Directions for this task: Using the data below, return word for word every line from the one holding "Der Transmitter verfügt" down to the one holding "For the show, he". Leave pictures out.

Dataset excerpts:
★ ★ ★ ★ ★ ★ ★
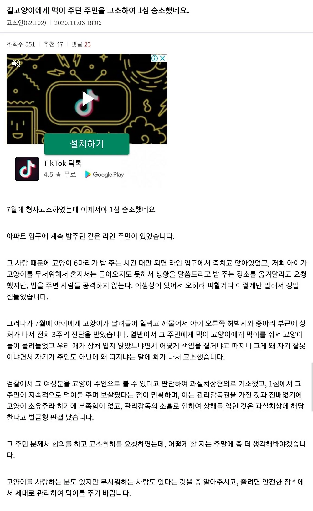 캣맘의 문제는 그거임. 자기 고양이도 아닌데 자기 새끼인거마냥 밥챙겨줌. 정작 그 고양이 때문에 사고나면 내 새끼 아님.
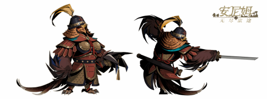 比如下方这只华彩将军,他是一只红腹锦鸡,来自于丘纽——安尼姆世界观中的中式国家,他的服饰参考了明光铠等著名中式铠甲,佩刀则借鉴了唐刀的设计。包括在技能动作和配音上,我们都希望能展现出一个威风凛凛的大将军形象。
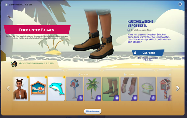 A: Das "Feier unter Palmen"-Event beginnt am 16. Dezember um 18 Uhr MESZ und endet am 13. Januar 2026. Du musst die Belohnungen vor dem 13. Januar 2026 um 18 Uhr MESZ beanspruchen, sonst verfallen sie.
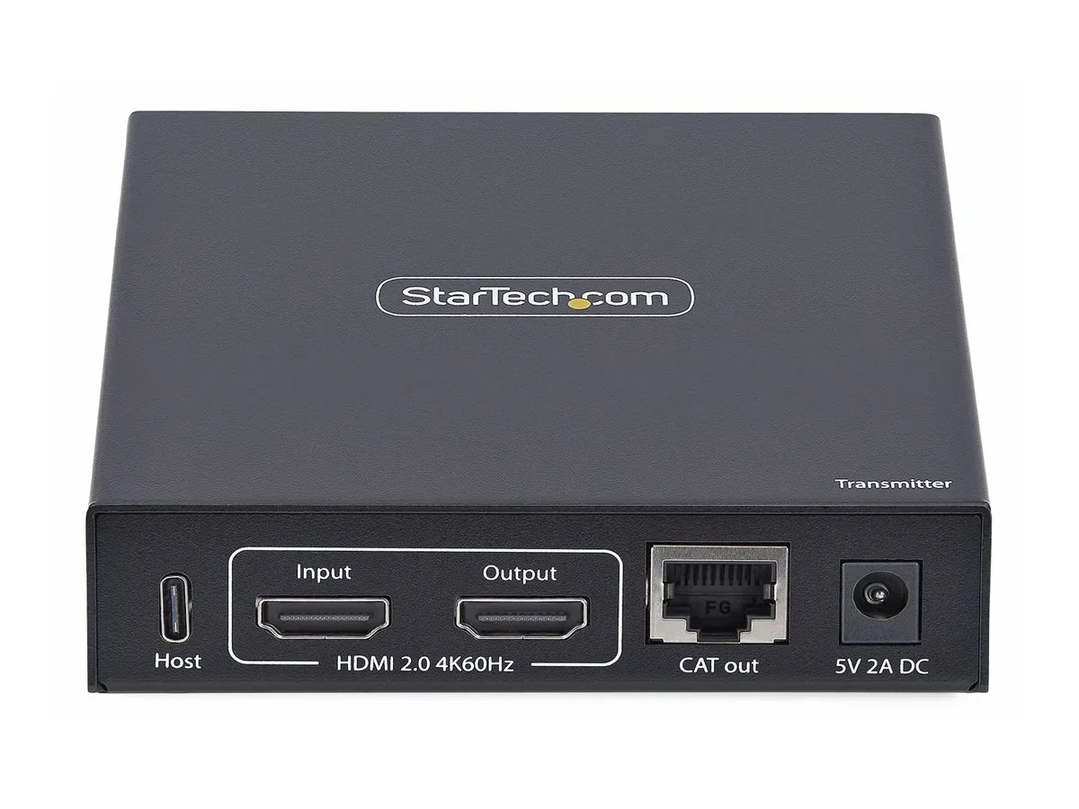 Der Transmitter verfügt über ein robustes Metallgehäuse mit Montagesatz für die Wand- oder Untertischinstallation sowie Gummifüße für die Stabilität auf dem Schreibtisch. Ein lokaler HDMI-Ausgang ermöglicht den direkten Anschluss an einen Bildschirm in der Nähe, während RS232- und 3,5mm Audio-Passthrough-Anschlüsse eine nahtlose serielle und Audio-Erweiterung ermöglichen.
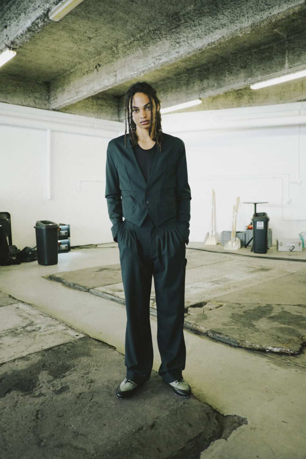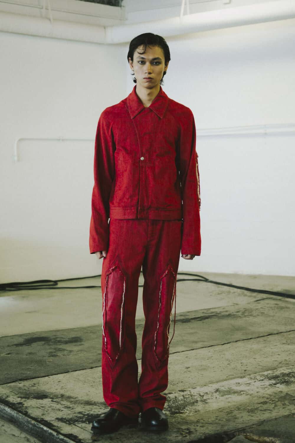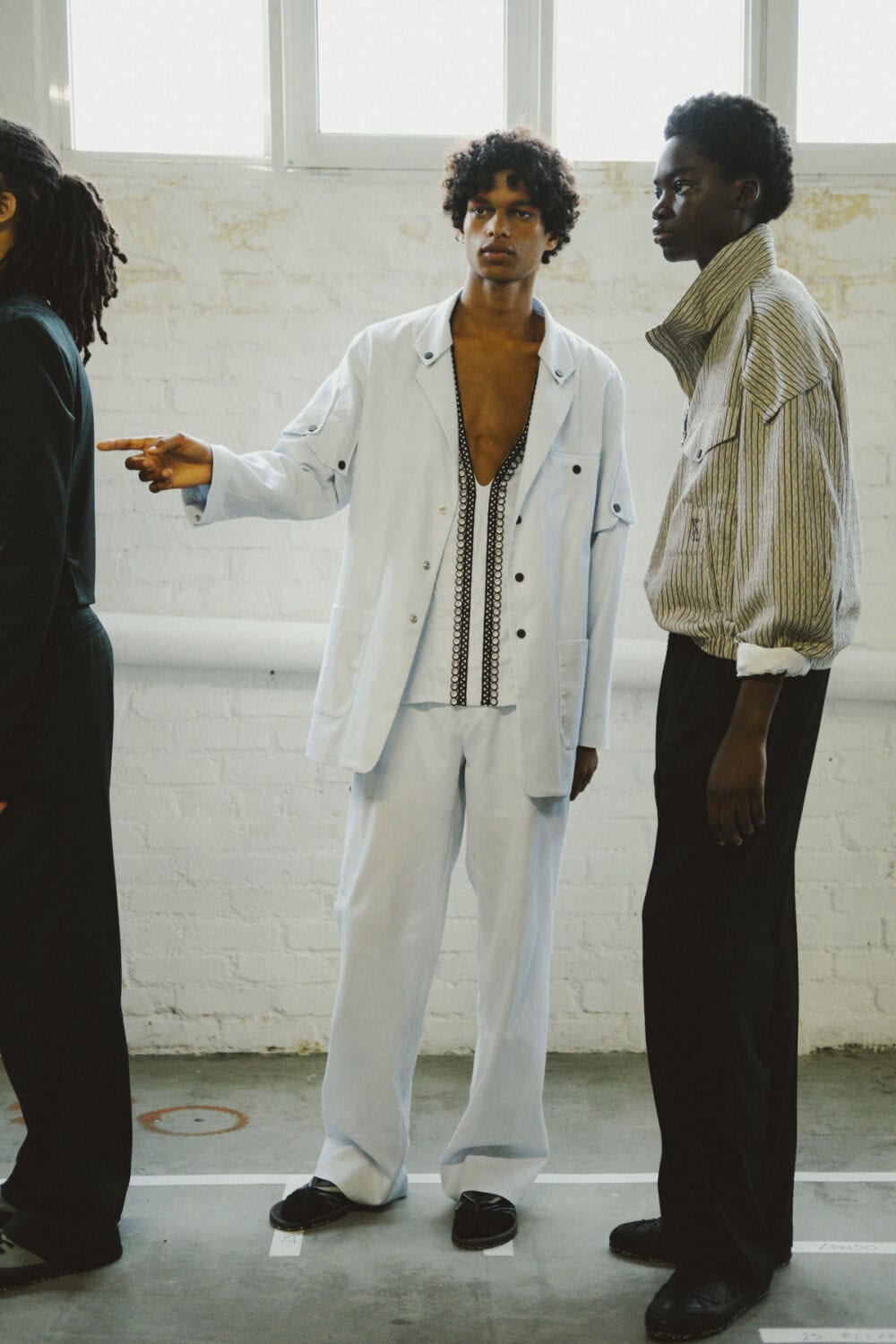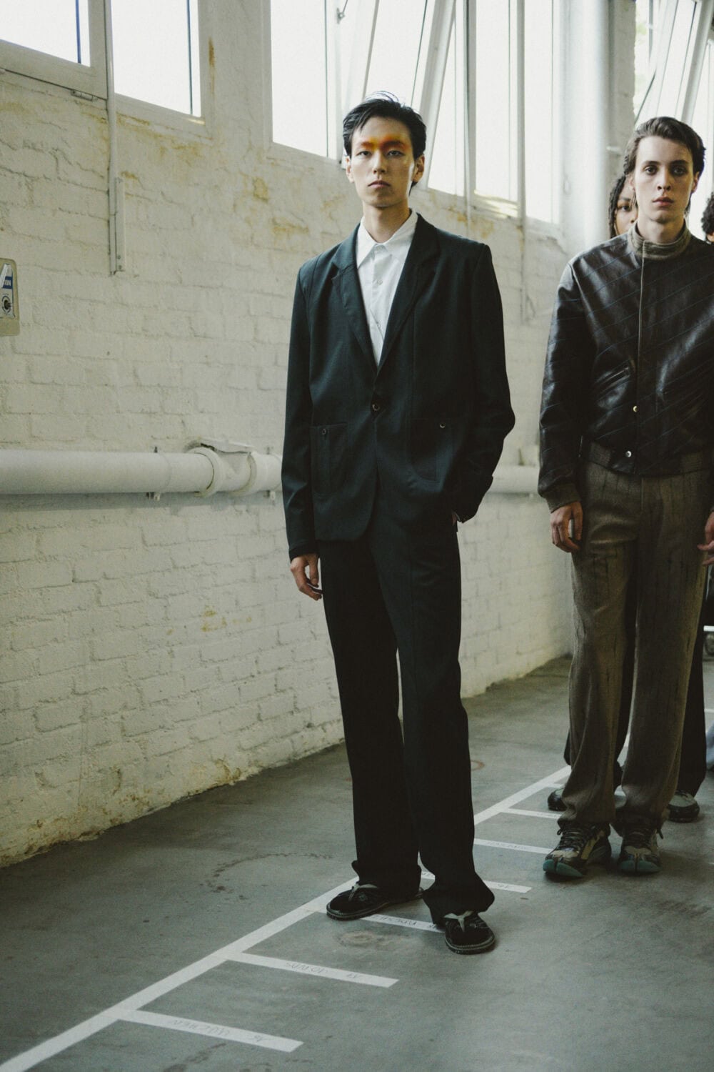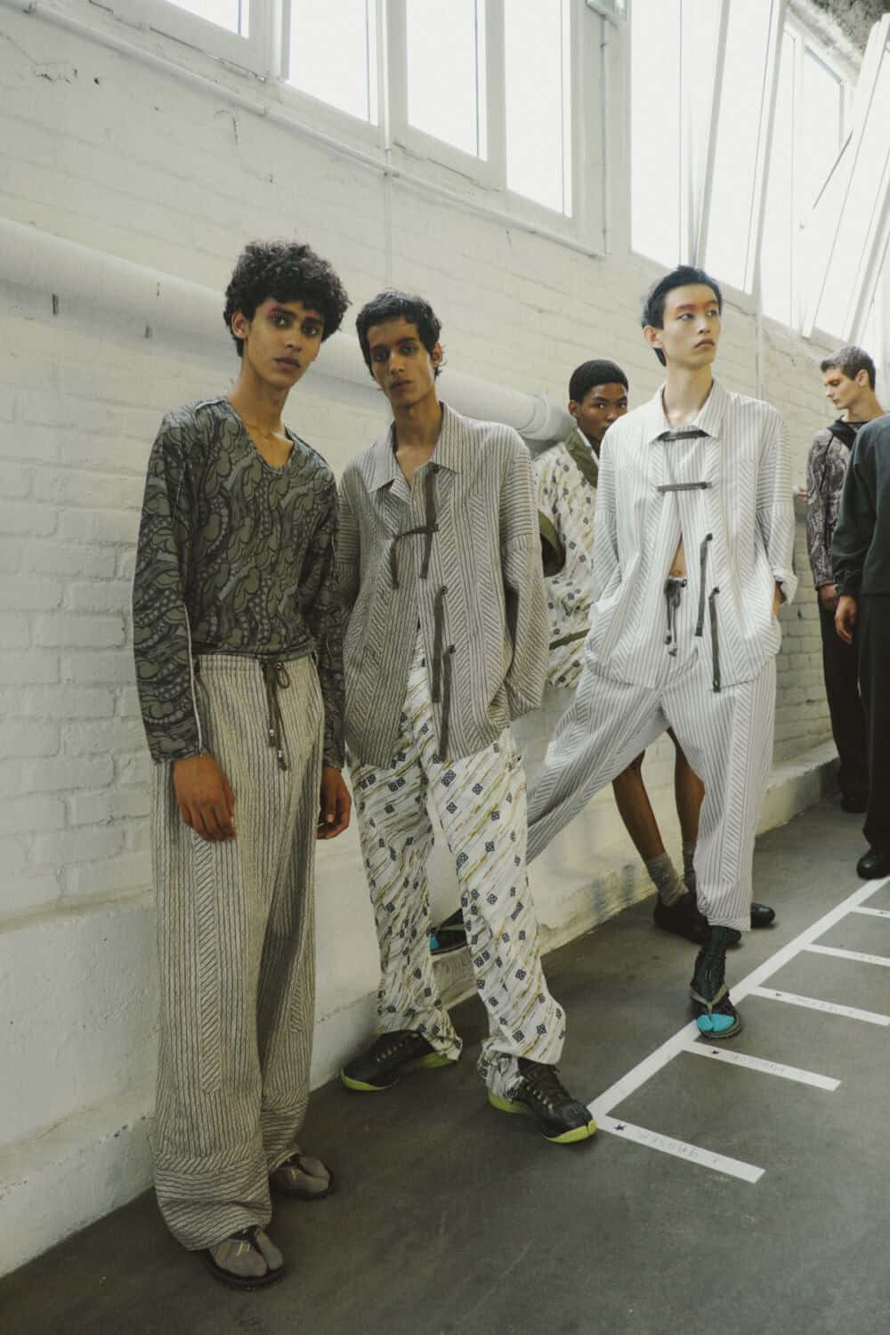 For the show, he built his own beach inside a car park, bathed in a warm orange glow, as models leisurely strolled in paisley twill tops and loose-fitting trousers that were inspired by Bulgarian military pyjamas. Transitioning into the working day, utilitarian co-ords in monochromatic shades of olive green and crimson walked alongside heavy duty denim and washed out Henleys that looked like they’d been baked in the sun. As for evening attire, Kostadinov proposed his most elegant tailoring to date, fitting blazers with asymmetric button fastenings or slashes at the chest. Anchoring the look in flip flops and a new Asics team-up for which the designer built a tabi toe into a running shoe, Kostadinov made wearing these rather extraordinary clothes seem effortless, as all great fashion should be.
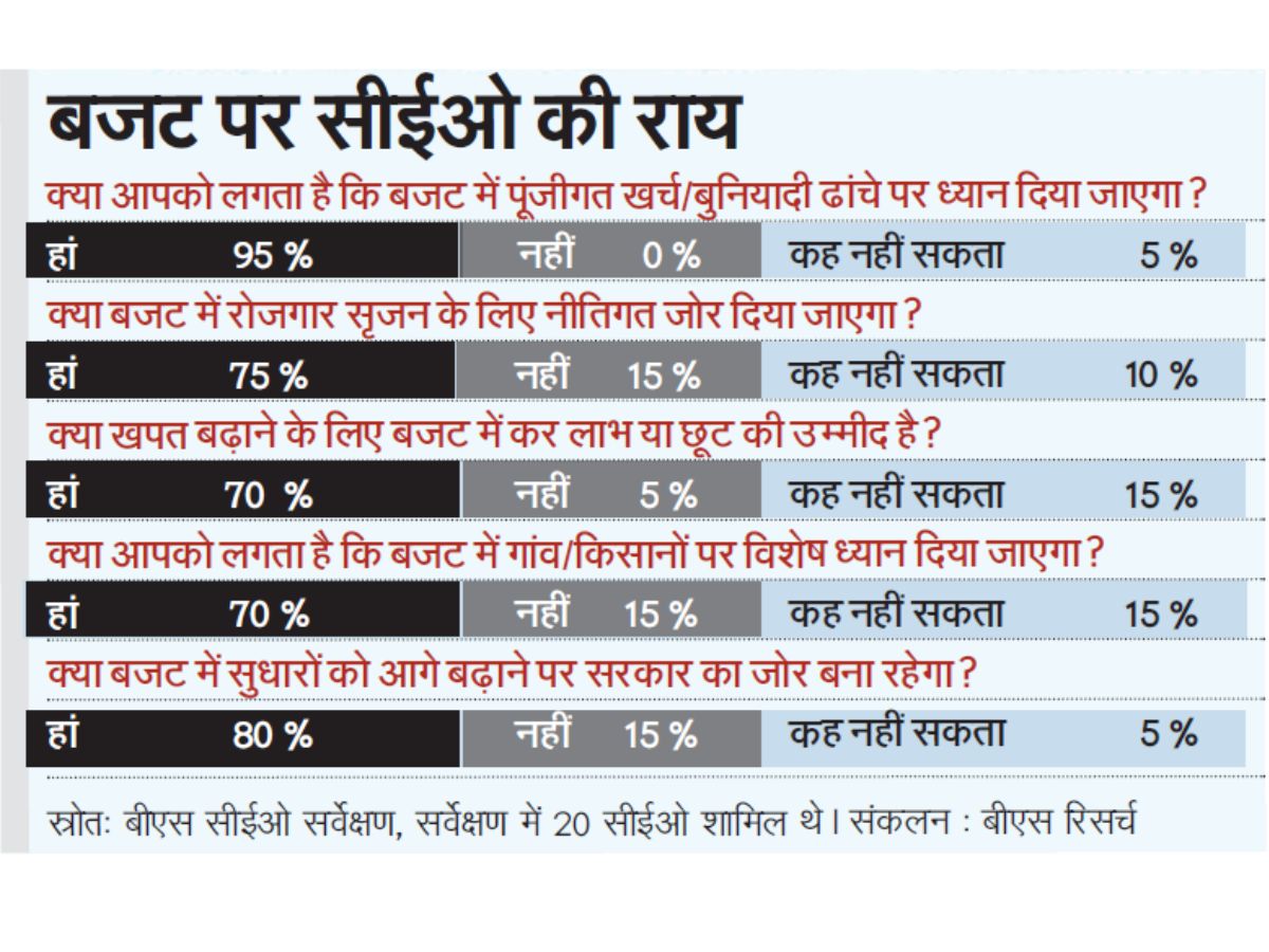 बिज़नेस स्टैंडर्ड सर्वेक्षण में सीईओ ने जताई उम्मीद; बजट में व्यय, रोजगार पर जोर, CEOs expressed hope in Business Standard survey; Emphasis on expenditure, employment in the budget
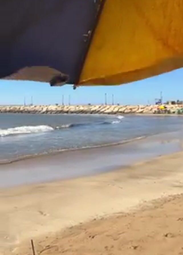 From under a partially torn beach umbrella colored yellow, blue, and red, a view of a sandy beach and an ocean pier is visible. Small waves are breaking gently on the beach. The sky is clear and blue. The umbrella is torn in several places. In the distance, people are visible on the pier. The sand is damp near the water, and footprints are visible.
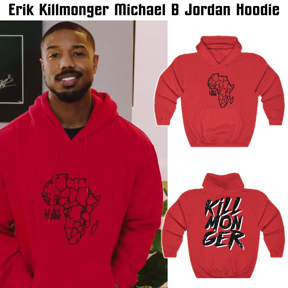 While portraying the character of Erik Killmonger in the American SCI-FI movie titled as Black Panther, the American veteran actor Michael B Jordan wore this pullover hoodie. The hoodie is fabricated by using high and premium quality of fleece fabric. The interior of this hoodie is stitched with soft and smooth viscose lining that provides you with warmth and comfort. The hoodie comes in red color. Killmonger hoodie has full length style sleeves on rib knitted style cuffs. Its pullover style makes it more attractive to wear. The Killmonger hoodie has a Lost Tribute Map embroidered on its chest. The attached hoodie with pullover strings looks amazing. Also, there is a KILLMONGER logo on the back of this hoodie. This hoodie is the exact replica of the original one.
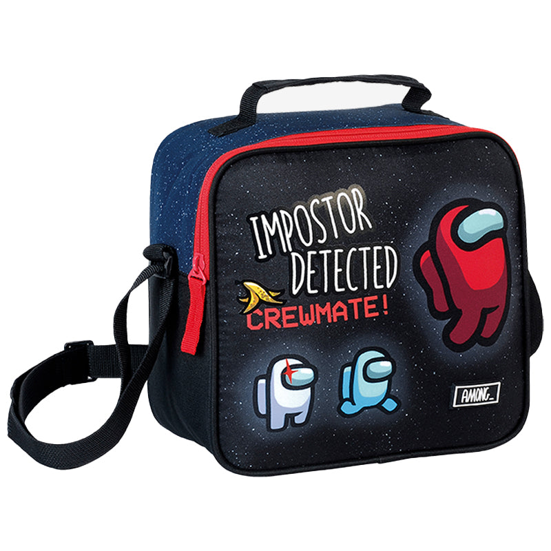 Термо чанта Among Us Impostor Detected за храна за училище с едно отделение, дръжки и презрамка.
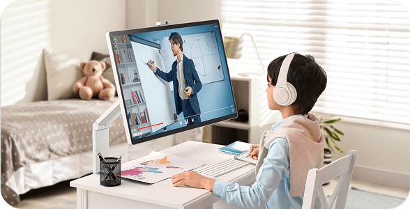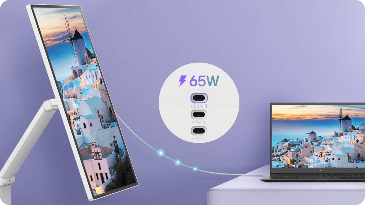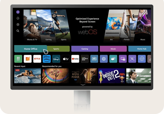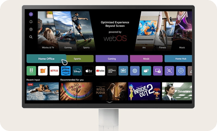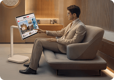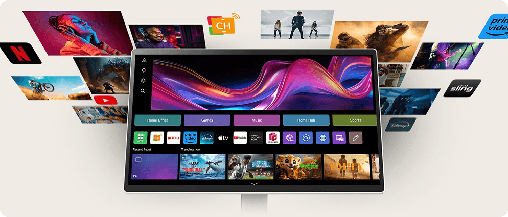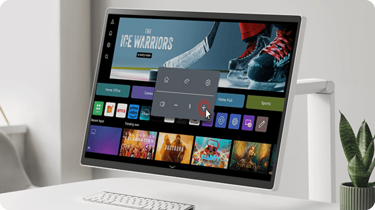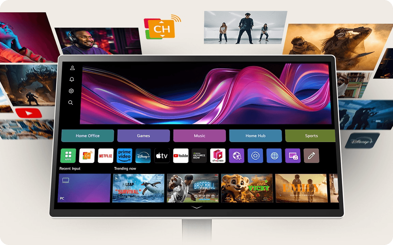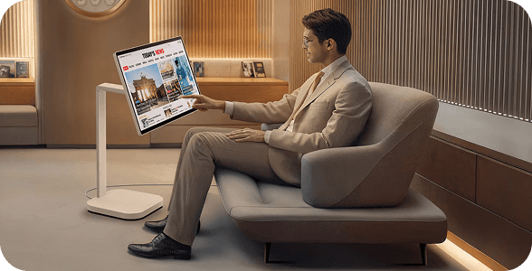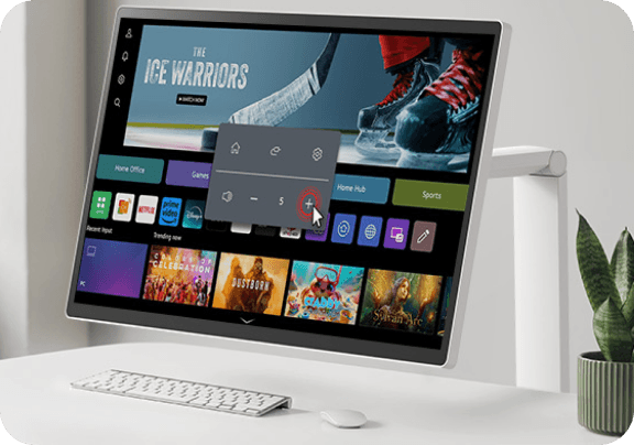 Dostosuj się do każdego zadania lub środowiska dzięki licznym funkcjom. Dzięki systemowi webOS możesz zarządzać zadaniami w domowym biurze bez komputera i cieszyć się bogactwem treści, płynnie łącząc pracę z rozrywką. Ponadto intuicyjny ekran dotykowy i wygodna podstawka zwiększają produktywność, oferując łatwą kontrolę i dynamiczną regulację.
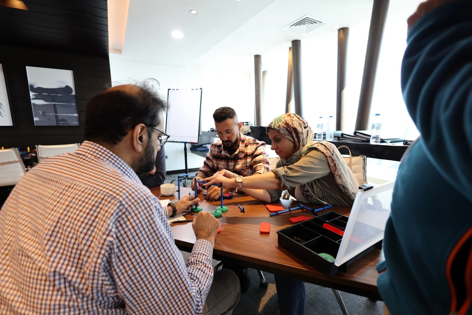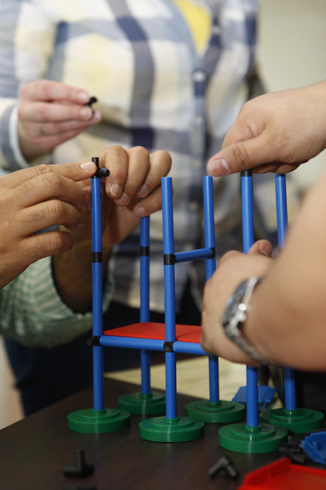 In "Carts and Horses," teams design and replicate models through verbal communication only—no writing or drawing. The task tests clarity, collaboration, and communication under constraints.
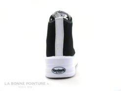 Cette basket montante plateforme Femme – Fille Dockers est en toile noire, avec une bande blanche verticale Ă l’arrière de la chaussure.
★ ★ ★ ★ ★ ★ ★
Result for this exercise:
 Der Transmitter verfügt über ein robustes Metallgehäuse mit Montagesatz für die Wand- oder Untertischinstallation sowie Gummifüße für die Stabilität auf dem Schreibtisch. Ein lokaler HDMI-Ausgang ermöglicht den direkten Anschluss an einen Bildschirm in der Nähe, während RS232- und 3,5mm Audio-Passthrough-Anschlüsse eine nahtlose serielle und Audio-Erweiterung ermöglichen.
 For the show, he built his own beach inside a car park, bathed in a warm orange glow, as models leisurely strolled in paisley twill tops and loose-fitting trousers that were inspired by Bulgarian military pyjamas. Transitioning into the working day, utilitarian co-ords in monochromatic shades of olive green and crimson walked alongside heavy duty denim and washed out Henleys that looked like they’d been baked in the sun. As for evening attire, Kostadinov proposed his most elegant tailoring to date, fitting blazers with asymmetric button fastenings or slashes at the chest. Anchoring the look in flip flops and a new Asics team-up for which the designer built a tabi toe into a running shoe, Kostadinov made wearing these rather extraordinary clothes seem effortless, as all great fashion should be.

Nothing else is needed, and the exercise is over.